The Long History of the Gold-Silver Ratio
For centuries, the gold to silver ratio has remained steady and meaningful. In ancient times, the value of one unit of gold was often equal to around 10 to 15 units of silver. In some periods, the ratio was even lower, such as 1 to 3 or 1 to 9. (see the image below)

This balance between the two metals stayed within a close range for a long time, reflecting how both were seen as money and held equal importance in trade and reserves.
The Rise of the Modern Ratio
Things began to change when global financial systems moved to the gold standard. Silver could not keep pace with the demand for gold during that time. As gold became the preferred choice for reserves, silver slowly lost its monetary role and turned into more of an industrial metal. Today, the gold to silver ratio stands around 1 to 86, a major shift from historical levels. This means that one ounce of gold is worth 86 ounces of silver, showing how far silver has fallen in comparison.

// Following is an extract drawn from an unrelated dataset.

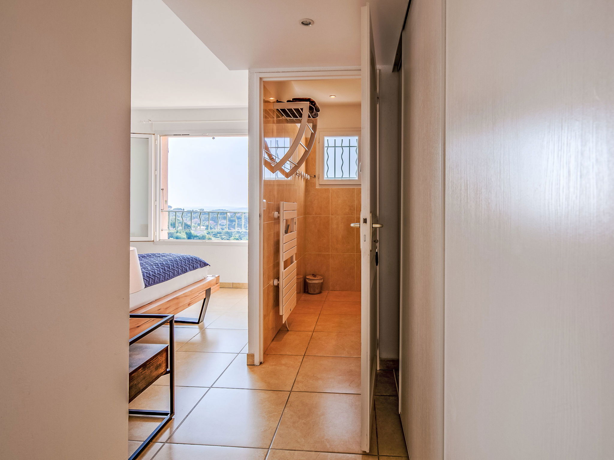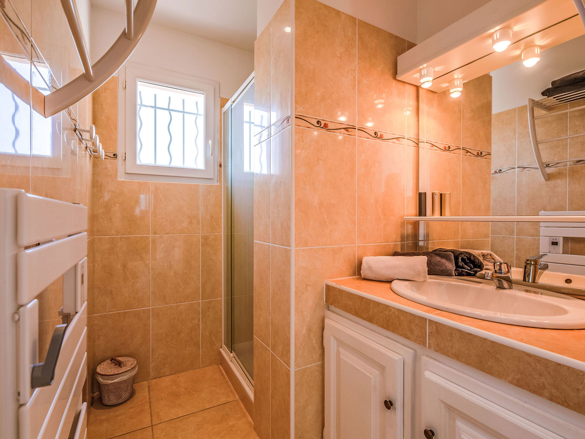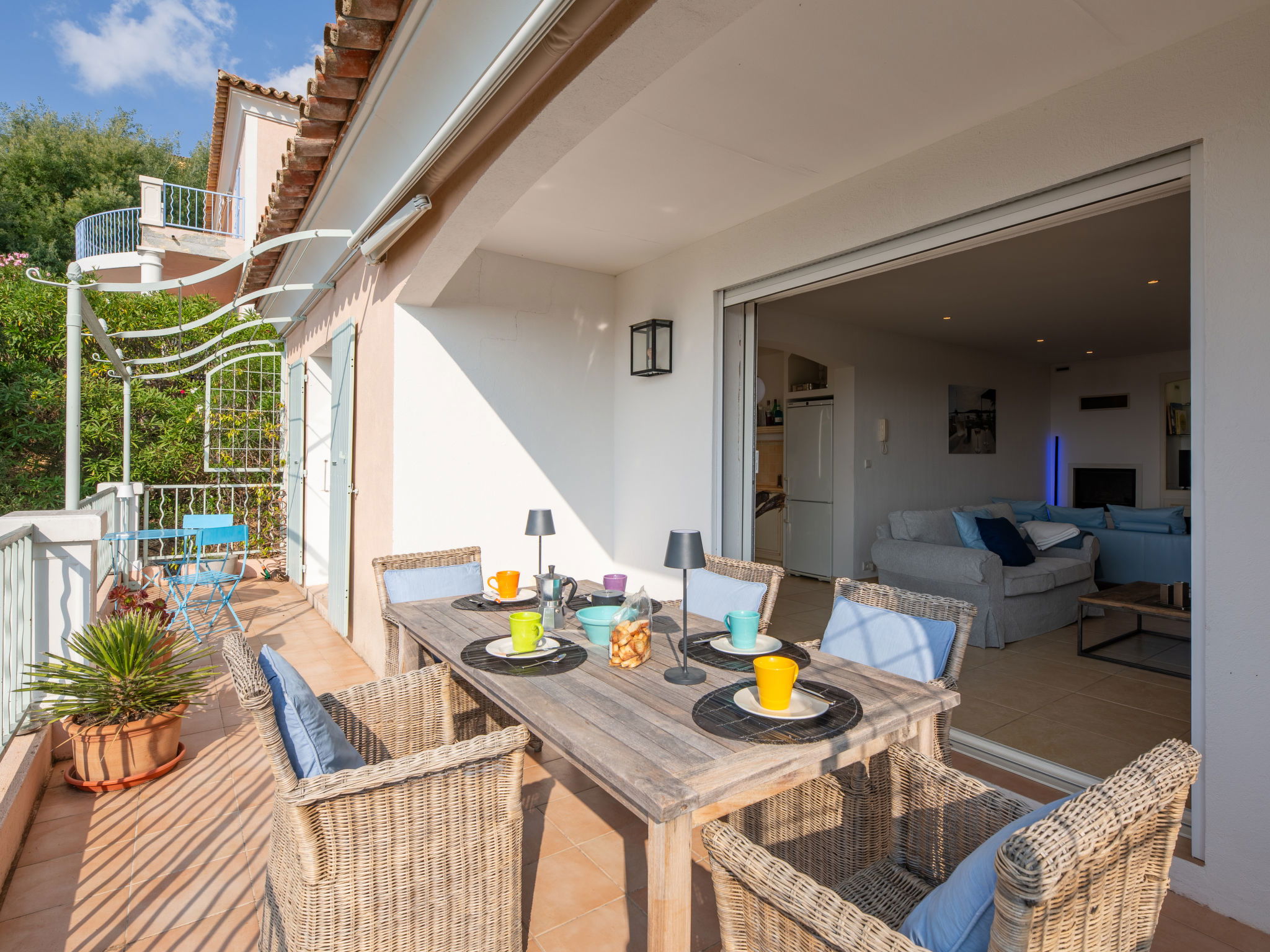 Petite résidence "Le Green", de 2 étages. 4 appartements dans la résidence. Dans le quartier de Du Golf de Sainte Maxime, en bordure de la localité, à 5 km du centre de Sainte-Maxime, situation tranquille, ensoleillée sur une colline, dans un quartier résidentiel, zone avec peu de trafic, à 5 km de la mer, juste au bord de la plage, dans une impasse, en bordure du terrain de golf, orientée sud. En commun: piscine rectangulaire (10 x 5 m, profondeur 170 - 170 cm, disponibilité saisonnière: 01.Jun. - 30.Sep.) avec marches intérieures et alarme de sécurité. Magasins 5 km, supermarché 6.5 km, arrêt de bus 4 km, gare ferroviaire "TGV Saint-Raphael" 25 km, plage de sable "La Nartelle" 4.5 km, centre thermal "Thalasso Spa Les Issambres" 8 km. Port plaisance 4.5 km, terrain de golf (18 trous) 30 m, piste cyclable 2 km. Attractions à proximité: Aqualand waterpark 6.5 km, Navette / shuttle boat St-Tropez 15min 4.5 km, Saint-Tropez Ramatuelle 18 km, Port-Grimaud 15 km, Gorges du Verdon 90 km. Région de randonnées: Massif des Maures 5 km, Massif de l'Esterel 23 km. Veuillez noter: voiture recommandée. La remise des clés a lieu à l’agence de Sainte-Maxime, 4 km.
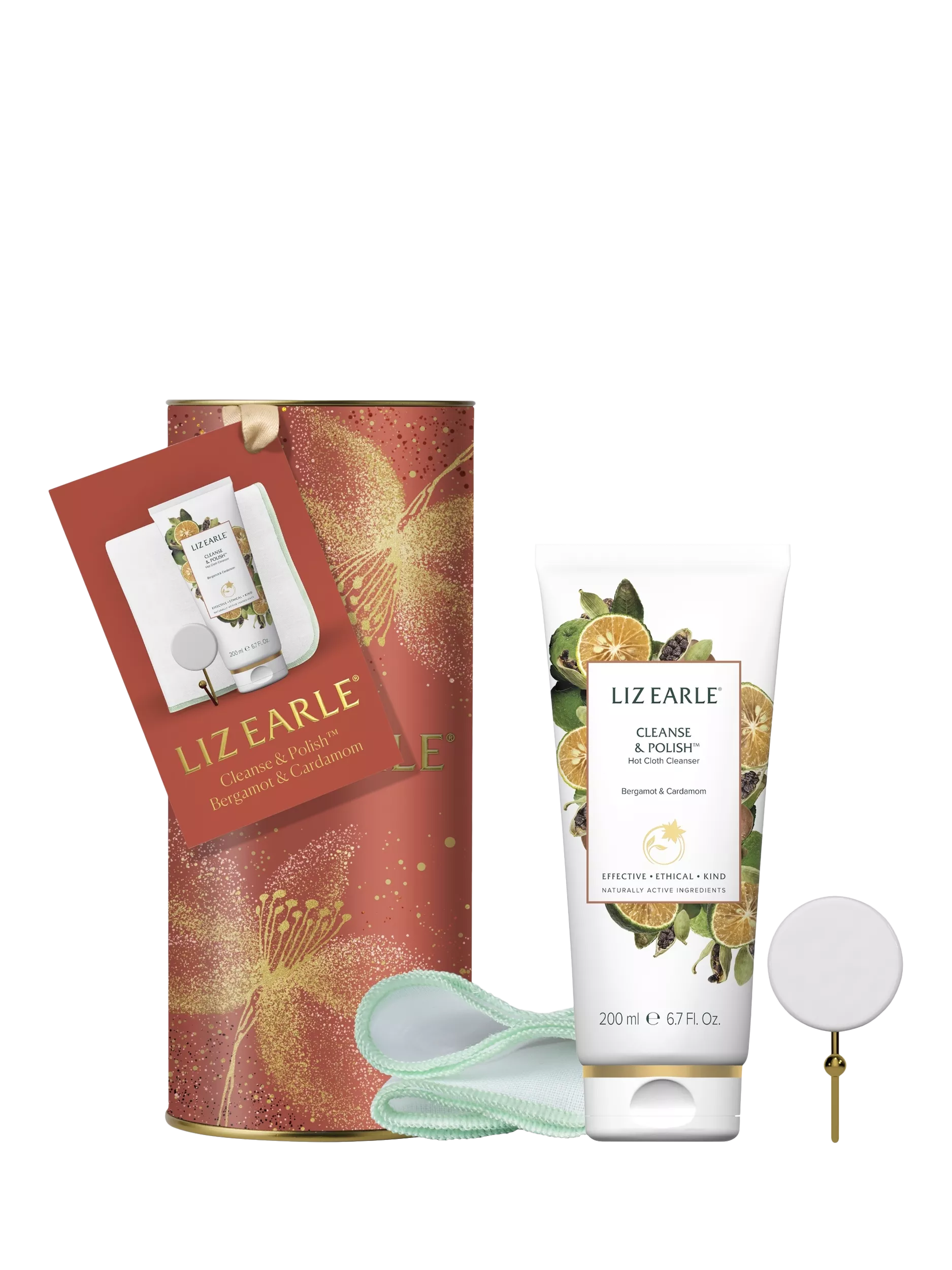 Leave skin looking clear and glowing with Cleanse & Polish™ Bergamot & Cardamom, a special edition fragrance blend. Paired with the gently exfoliating pure cotton cloths, our indulgent cream, enriched with chamomile and rosemary, effortlessly melts away pollutants and makeup. Once you’ve completed your cleansing ritual, leave your cloths to dry on the stylish hook.

The Role of Central Banks and Speculation
In the modern era, central banks around the world have continued to accumulate gold as a reserve asset, but almost none have shown interest in silver. While there have been occasional reports—like the Saudi Arabian central bank showing interest in silver—no major official move has been made. Silver remains largely speculative, with traders and investors hoping for a big move. Some people have even tried to corner the silver market in the past, but such efforts have never truly changed its long-term value trend.
Why Silver Remains Risky
The ratio has hovered between 79 and 80 for the last few years, though it once dropped to as low as 16 in the 1960s. Many silver enthusiasts believe that such a fall could happen again, but that seems unlikely unless silver becomes part of official reserves. For now, silver is driven by private investors, not governments. Unlike gold, it does not have a guaranteed demand from central banks. Silver can rise sharply, but when it falls, it often takes decades to recover. This makes silver a much riskier metal to hold for the long term.
Gold Still Shines Brighter
Gold, on the other hand, remains a safer and steadier investment. It continues to be held by central banks, and its value is supported by global confidence. While silver may perform well during certain times, gold usually has stronger fundamentals. If the current shortage of precious metals continues, both metals may rise—but gold is more likely to remain stable while silver could see wild swings.
A Word of Caution
The global silver market is in a fragile state. Any imbalance in supply and demand could lead to sudden price shocks, similar to how crude oil once went negative when buyers disappeared. A collapse in any metal exchange could create chaos in prices. That is why investors need to be cautious with silver and avoid getting carried away by sudden rallies. Gold remains the more dependable metal to invest in during uncertain times.